Kapitel 13 - Eine geniale Idee
Eine knappe Stunde später saß er wieder in seinem Büro und war immer noch hin- und hergerissen zwischen den zwei Versprechen, die er gegeben hatte.
Sein Smartphone lag vor ihm am Schreibtisch und schien ihn vorwurfsvoll anzustarren. Der nie abreißen wollende Strom an Nachrichten liebeswilliger Menschen zog sich großflächig über das Display und ganz klein in der Ecke, die er für private Nachrichten reserviert hatte, hockte Sylvias Einzeiler und fachte das brandneue Flämmchen in seiner Brust an. Doch wenn er sich jetzt entfernte, dann wäre das womöglich seine letzte Reise. Eine Reise ohne Wiederkehr, sollte Mr. Z wirklich Ernst machen mit seiner Drohung.
Aber was, wenn sie in echten Schwierigkeiten steckte? Sie hatte bei ihrem Abschied nicht so gewirkt, als würde sie ihn ohne triftigen Grund um Hilfe bitten. Was, wenn es wieder etwas mit dem chronisch untreuen Edgar zu tun hatte? Edgar war einer dieser unberechenbaren Typen, gelassen und kalkuliert an der Oberfläche, aber darunter brodelte es oft gefährlich.
Mist. Das konnte nur bedeuten, dass sich die Dinge für Sylvia zum Schlechteren gewendet haben mussten.
Er presste seine Fingerspitzen gegen seine Augenlider und rieb sie in kleinen Kreisen, bis ein weißer Sternenregen vor seinem Gesicht tanzte. Warum auch hatte er sich in diese Sackgasse hineinmanövriert? Sein Herz sprach eine eindeutige Sprache, doch sein Verstand stellte sich taub.
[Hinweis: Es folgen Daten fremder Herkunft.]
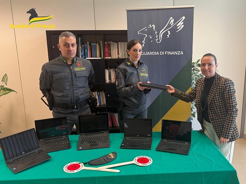 PROVINCIA DI PISTOIA — Raid nella scuola, con l'intrusione di una banda di ragagazzini nella notte fra il 7 e l'8 Marzo scorsi per far man bassa di computer portatili dalle aule: i pc, 6 in tutto, sono stati recuperati e restituiti all'istituto di Pistoia dalla guardia di finanza.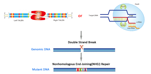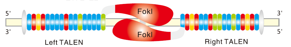 TALE技术(Transcription activator-like effectors)是一种崭新的分子生物学工具。科学家发现,来自植物细菌Xanthomonassp的TAL蛋白的核酸结合域的氨基酸序列与其靶位点的核酸序列有恒定的对应关系。利用TAL的序列模块,可组装成特异结合任意DNA序列的模块化蛋白。TALEN(Transcription activator-like effector(TAL) nucleases)技术是基于TALE与人工改造的核酸内切酶的切割域(FokI)构建针对任意特定核酸靶序列的重组核酸酶。通过TAL的DNA识别域结合到靶位点上,及FokI切割域形成二聚体后,可特异性对目标DNA序列实现切断。在随后的非同源末端连接修复过程中,断开的DNA双链会由于碱基的随机增减从而以一定的概率实现目标基因功能的缺失。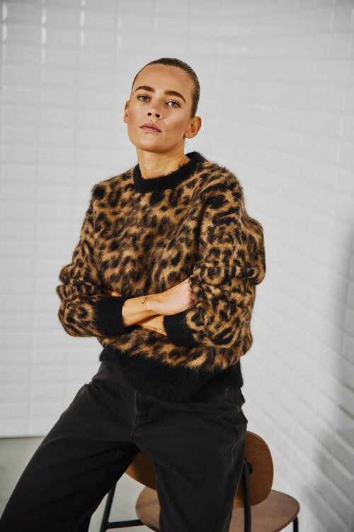 De Alondra Pullover van With Black in Camel Black is een opvallende knit die warmte en stijl moeiteloos combineert. De zachte wolmix met een luxueuze fluffy finish voelt heerlijk comfortabel aan, terwijl de krachtige leopardprint zorgt voor een uitgesproken en eigentijdse uitstraling. De klassieke ronde hals en contrasterende zwarte boorden maken dit ontwerp helemaal af.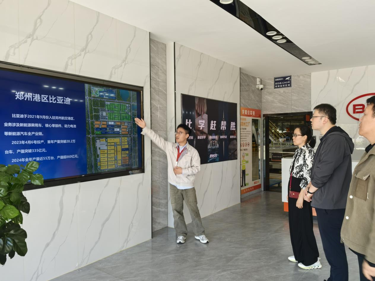 陈思一行首先参观了郑州比亚迪工厂,详细了解了郑州比亚迪的建设过程、产业战略布局、产品及企业荣誉等。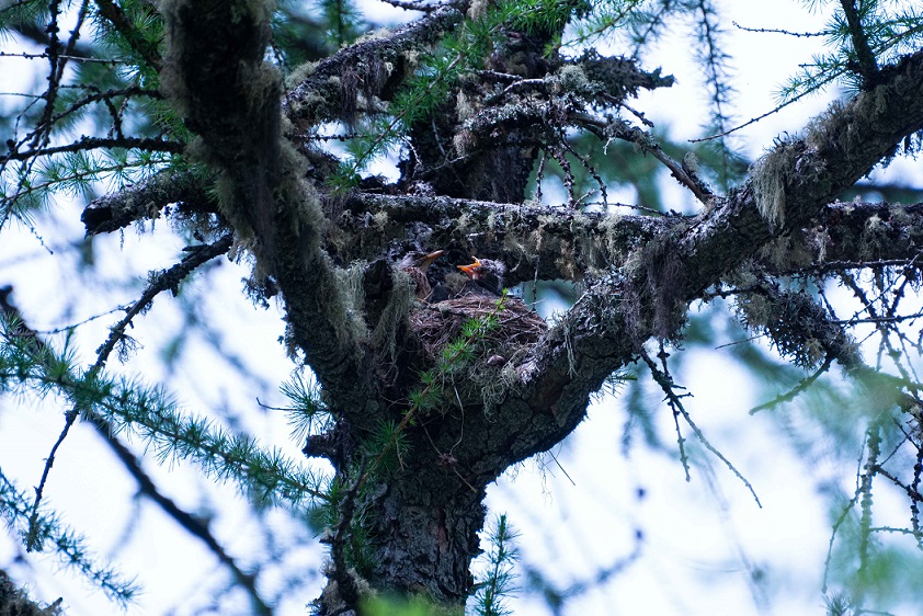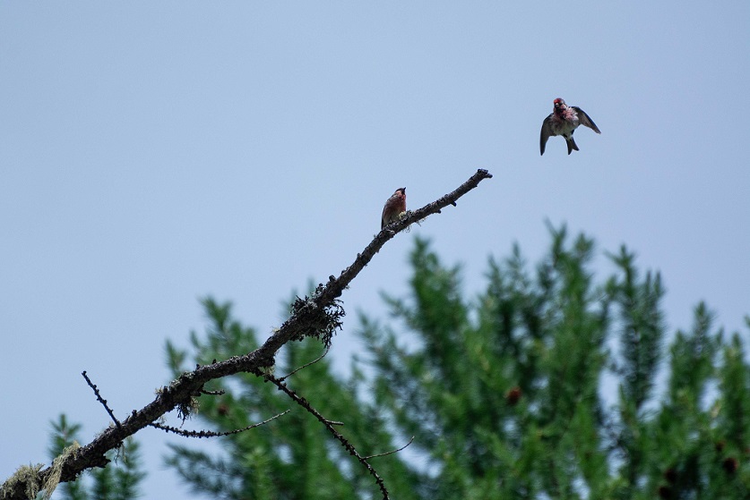 Riconosciamo alcuni fanelli (Linaria cannabina) e scorgiamo un nido di cesene (Turdus pilaris) che la madre con grande aggressività difende dalla presenza preoccupante di alcuni corvi neri (Corvus frugilegus).

Er hörte, wie seine Bürotür sich öffnete und sagte, ohne aufzublicken: „Selena, ich habe Ihnen doch gesagt, dass Sie sich den Abend frei nehmen können. Ich komme alleine zurecht."
„Bist du dir da sicher?"
Nun wollte er erst recht nicht aufblicken. Das war nicht seine Sekretärin. Nein, diese Stimme konnte nur einer gehören.
„Natalia, was um alles in der Welt machst du hier?" Er blickte sie aus seinem Augenwinkel an.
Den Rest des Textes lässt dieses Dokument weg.